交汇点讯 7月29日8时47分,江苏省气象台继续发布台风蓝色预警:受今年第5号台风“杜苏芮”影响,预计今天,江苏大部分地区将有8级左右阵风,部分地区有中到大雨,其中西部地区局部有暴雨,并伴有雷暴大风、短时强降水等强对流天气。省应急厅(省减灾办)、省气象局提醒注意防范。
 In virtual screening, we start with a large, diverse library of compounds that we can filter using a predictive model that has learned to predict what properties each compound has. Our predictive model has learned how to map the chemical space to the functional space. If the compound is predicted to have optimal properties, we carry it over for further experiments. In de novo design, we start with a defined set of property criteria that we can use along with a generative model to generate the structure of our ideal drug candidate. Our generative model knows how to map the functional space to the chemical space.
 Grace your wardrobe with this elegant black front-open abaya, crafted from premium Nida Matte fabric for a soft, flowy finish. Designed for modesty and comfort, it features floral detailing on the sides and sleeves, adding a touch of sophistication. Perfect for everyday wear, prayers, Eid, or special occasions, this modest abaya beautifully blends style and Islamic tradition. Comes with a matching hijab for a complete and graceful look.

* * * * * * * * *

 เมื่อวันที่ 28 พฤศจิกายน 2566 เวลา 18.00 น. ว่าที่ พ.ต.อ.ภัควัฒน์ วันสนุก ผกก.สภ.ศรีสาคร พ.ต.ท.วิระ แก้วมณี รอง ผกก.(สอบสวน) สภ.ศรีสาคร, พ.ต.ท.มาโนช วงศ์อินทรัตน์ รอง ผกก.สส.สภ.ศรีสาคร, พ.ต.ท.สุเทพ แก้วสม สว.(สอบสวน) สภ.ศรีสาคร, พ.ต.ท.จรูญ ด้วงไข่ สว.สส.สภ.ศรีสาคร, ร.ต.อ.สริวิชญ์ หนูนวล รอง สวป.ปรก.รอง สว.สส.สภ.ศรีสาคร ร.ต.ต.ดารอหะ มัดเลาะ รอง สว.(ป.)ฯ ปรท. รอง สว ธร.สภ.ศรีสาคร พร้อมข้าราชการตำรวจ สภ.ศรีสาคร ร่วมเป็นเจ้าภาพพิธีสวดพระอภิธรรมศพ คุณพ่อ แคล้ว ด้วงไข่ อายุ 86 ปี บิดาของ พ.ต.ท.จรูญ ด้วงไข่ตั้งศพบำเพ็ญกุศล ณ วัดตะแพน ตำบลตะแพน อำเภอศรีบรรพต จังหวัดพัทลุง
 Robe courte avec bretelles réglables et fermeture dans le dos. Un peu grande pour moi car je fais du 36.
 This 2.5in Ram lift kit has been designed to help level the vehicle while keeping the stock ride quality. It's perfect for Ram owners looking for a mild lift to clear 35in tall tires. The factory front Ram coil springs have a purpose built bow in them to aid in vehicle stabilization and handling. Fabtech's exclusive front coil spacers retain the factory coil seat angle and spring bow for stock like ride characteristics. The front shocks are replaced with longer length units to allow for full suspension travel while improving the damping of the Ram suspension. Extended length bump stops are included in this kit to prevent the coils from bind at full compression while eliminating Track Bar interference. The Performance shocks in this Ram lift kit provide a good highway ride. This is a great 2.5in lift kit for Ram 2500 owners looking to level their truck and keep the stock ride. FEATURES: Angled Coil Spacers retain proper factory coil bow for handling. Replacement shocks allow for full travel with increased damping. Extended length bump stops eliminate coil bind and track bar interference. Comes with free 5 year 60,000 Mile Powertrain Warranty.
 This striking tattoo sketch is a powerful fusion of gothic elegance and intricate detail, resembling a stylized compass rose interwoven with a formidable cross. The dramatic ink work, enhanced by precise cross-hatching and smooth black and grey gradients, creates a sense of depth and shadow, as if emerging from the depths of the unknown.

* * * * * * * * *

= TASK ITEM =
With the line holding "交汇点讯 7月29日8时47" as the first and the line holding "In virtual screening, we" as the last, please transcribe exactly the lines of the material above in that range and nothing else.

= RESULT OF THE TASK =
交汇点讯 7月29日8时47分,江苏省气象台继续发布台风蓝色预警:受今年第5号台风“杜苏芮”影响,预计今天,江苏大部分地区将有8级左右阵风,部分地区有中到大雨,其中西部地区局部有暴雨,并伴有雷暴大风、短时强降水等强对流天气。省应急厅(省减灾办)、省气象局提醒注意防范。
 In virtual screening, we start with a large, diverse library of compounds that we can filter using a predictive model that has learned to predict what properties each compound has. Our predictive model has learned how to map the chemical space to the functional space. If the compound is predicted to have optimal properties, we carry it over for further experiments. In de novo design, we start with a defined set of property criteria that we can use along with a generative model to generate the structure of our ideal drug candidate. Our generative model knows how to map the functional space to the chemical space.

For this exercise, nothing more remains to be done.